Exercise details.
Take the material below and extract the lines from the one with "Срібло 925 проби" through the one with "細かいプリーツが生み出す立体", word for word, without pictures.

Dataset excerpts.
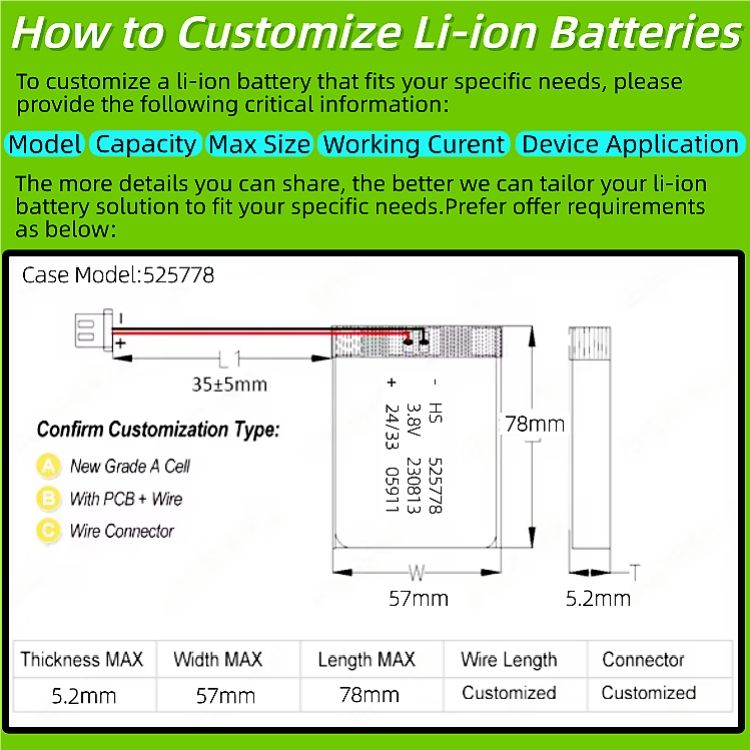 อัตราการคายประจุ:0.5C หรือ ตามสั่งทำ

---

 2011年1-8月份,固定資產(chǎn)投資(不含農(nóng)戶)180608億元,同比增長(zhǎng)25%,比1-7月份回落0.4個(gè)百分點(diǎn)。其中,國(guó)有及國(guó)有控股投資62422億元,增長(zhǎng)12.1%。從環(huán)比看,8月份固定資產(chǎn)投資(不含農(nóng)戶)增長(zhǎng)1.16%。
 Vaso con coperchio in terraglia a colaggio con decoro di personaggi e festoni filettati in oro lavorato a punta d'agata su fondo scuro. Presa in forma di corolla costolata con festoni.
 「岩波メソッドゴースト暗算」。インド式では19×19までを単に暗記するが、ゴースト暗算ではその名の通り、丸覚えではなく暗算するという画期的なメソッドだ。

...

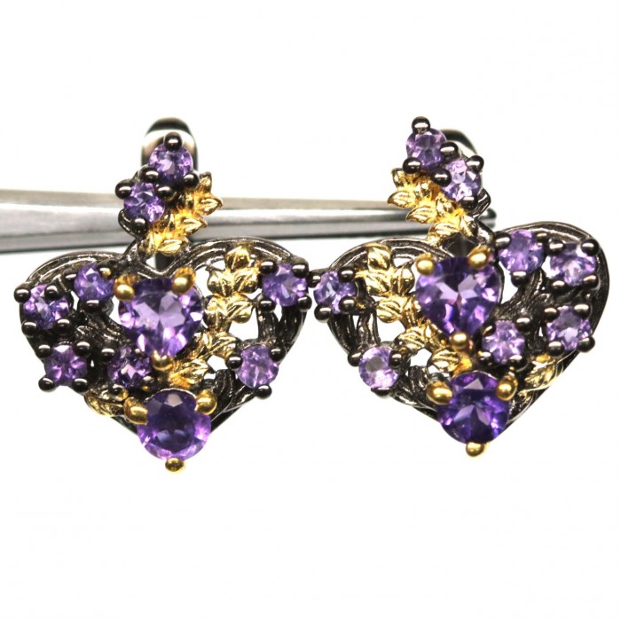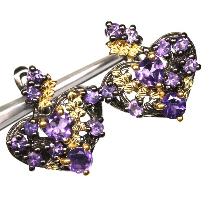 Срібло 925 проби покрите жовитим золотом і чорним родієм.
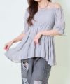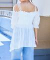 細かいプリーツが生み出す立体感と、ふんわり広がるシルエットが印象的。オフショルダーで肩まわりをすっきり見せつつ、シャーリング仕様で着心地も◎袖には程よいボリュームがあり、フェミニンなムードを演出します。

Result of this exercise.
 Срібло 925 проби покрите жовитим золотом і чорним родієм.
 細かいプリーツが生み出す立体感と、ふんわり広がるシルエットが印象的。オフショルダーで肩まわりをすっきり見せつつ、シャーリング仕様で着心地も◎袖には程よいボリュームがあり、フェミニンなムードを演出します。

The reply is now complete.